The Smart Energy System Control Laboratory focuses on the support of developments and innovations in the field of smart grids under realistic conditions. The SESCL is a laboratory in which state-of-the-art energy technology systems and new control algorithms are developed and tested [91]. This laboratory is galvanically isolated from the public grid, so that the control algorithms can be approved and investigated in limit ranges (frequency, voltage). In addition, it is possible to control operating points approaching the limits of stability. Such experiments would not be possible using the public grid, as the risk of a complete grid failure is too high. In order to conduct experiments on low-voltage networks under realistic conditions, the laboratory provides a number of energy systems, such as electricity generators (e.g., PV systems, wind power units), electrical machines, generators, inverters, storage systems (e.g., Li-ion batteries), and charging stations, that can be very flexibly interconnected by taking into account the physical properties of the connecting lines to form a micro-grid with a variable topology. To model the operating behavior of the cable/overhead lines, the laboratory features real means of transmission and line replicas that physically simulate this behavior using discrete resistor–inductor–capacitor (RLC) components. In terms of the interconnection, flexibility is ensured by a matrix of alternating and direct current busbars and contactors that are controlled by a centralized automation system. Load shedding and the addition of further producers and consumers, or a combination of the two (prosumers) can be achieved very easily.

3.5. Living Lab Energy Campus: Integrated Research Platform for Energy-Related Coupling of Pioneering Conversion, Distribution, and Storage Technologies

The Living Lab Energy Campus (LLEC) project is an integrated research platform (see Figure 16) for the coupling of electrical, thermal, and chemical energy flows through an intelligent sensor and control system. Various production, distribution, and storage systems are integrated into the energy supply of the research campus and are then monitored and optimally controlled according to predefined constraints by an adaptive, cloud-based, and model-predictive IT platform. In addition, digital models have been developed for different energy grids, energy demonstrations, and various building types. The demonstrations include various photovoltaic systems, two large Li-ion batteries, a low-temperature waste heat network, and a hydrogen sector with a high level of sector coupling.
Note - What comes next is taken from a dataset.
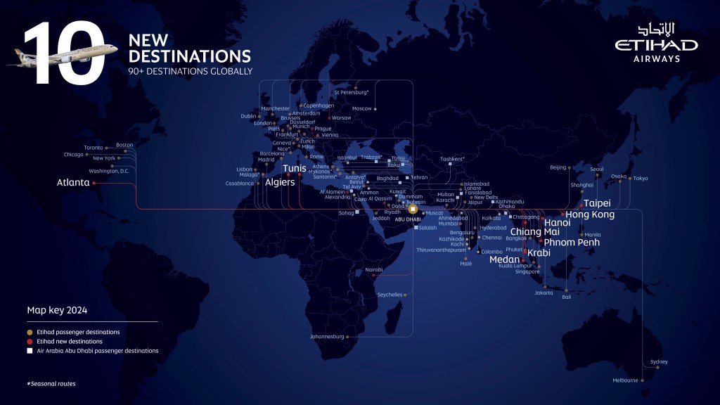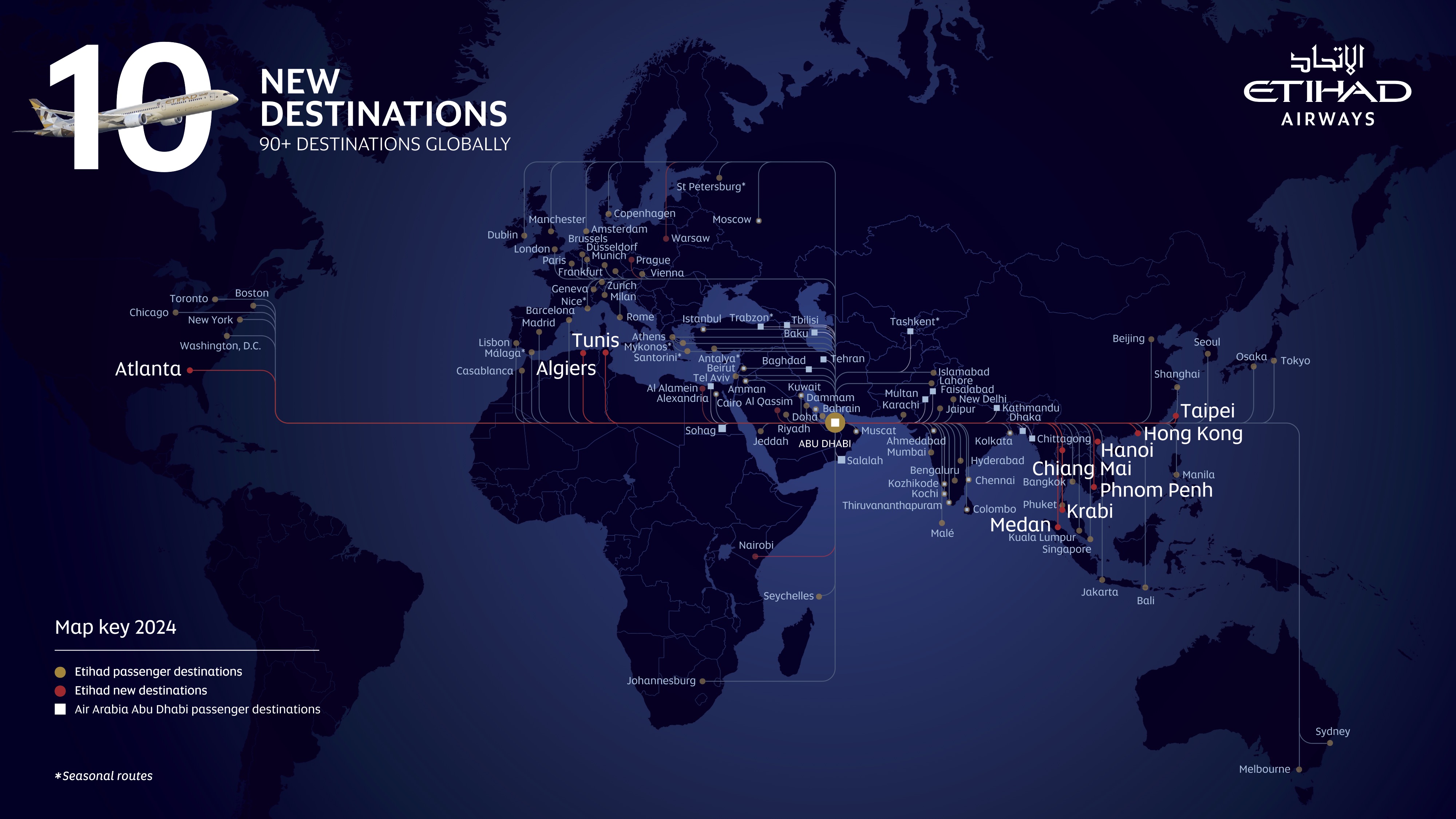 The ten routes announced today will complement Etihad’s previously revealed new destinations for 2025: Prague, Warsaw, and Al Alamein.

A large number of sensors collect data via the fluctuating energy flows at the research site. A special significance is attached to achieving an optimal interaction between humans and technology.
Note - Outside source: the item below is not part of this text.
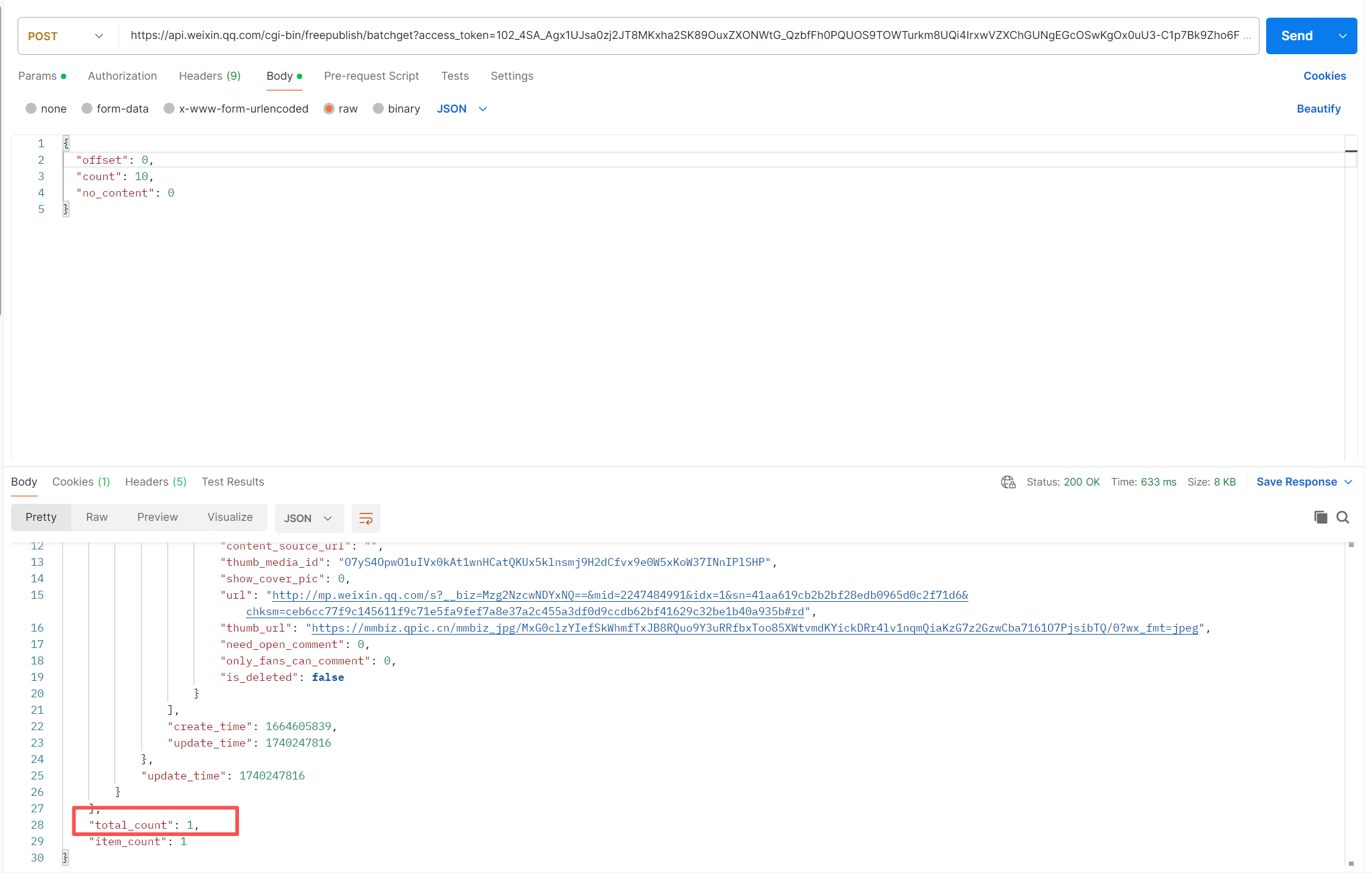 如图所示,我调用接口获取已发布文章列表,只返回了一条推文,但是我这个公众号最近都发布了很多推文。

A thermal energy center (WVVZ) designed as a modular system supplies the campus with electrical energy and heat. To this end, gas mixtures comprised of natural gas with biogas and hydrogen are used in the installed gas engines. An additional low-temperature network uses waste heat from the JUWELS supercomputer to supply heat to the surrounding buildings by means of heat pumps and simultaneously investigate the electrical and thermal utilization of the network, as well as potential resource savings. Various photovoltaic systems form the basis of the renewable energy supply and are integrated into the energy system in the form of conventional rooftop installations, free-standing modules, and modules fixed to the building façade. The fluctuations in the energy feed that occur are offset by two large Li-ion batteries. At the same time, these batteries serve as an uninterruptible power supply for a selection of sensitive research infrastructures. The LLEC was recently expanded to encompass research issues surrounding vehicle-to-grid (V2G) systems. Various bidirectionally operable charging infrastructures for electric research vehicles are currently being established.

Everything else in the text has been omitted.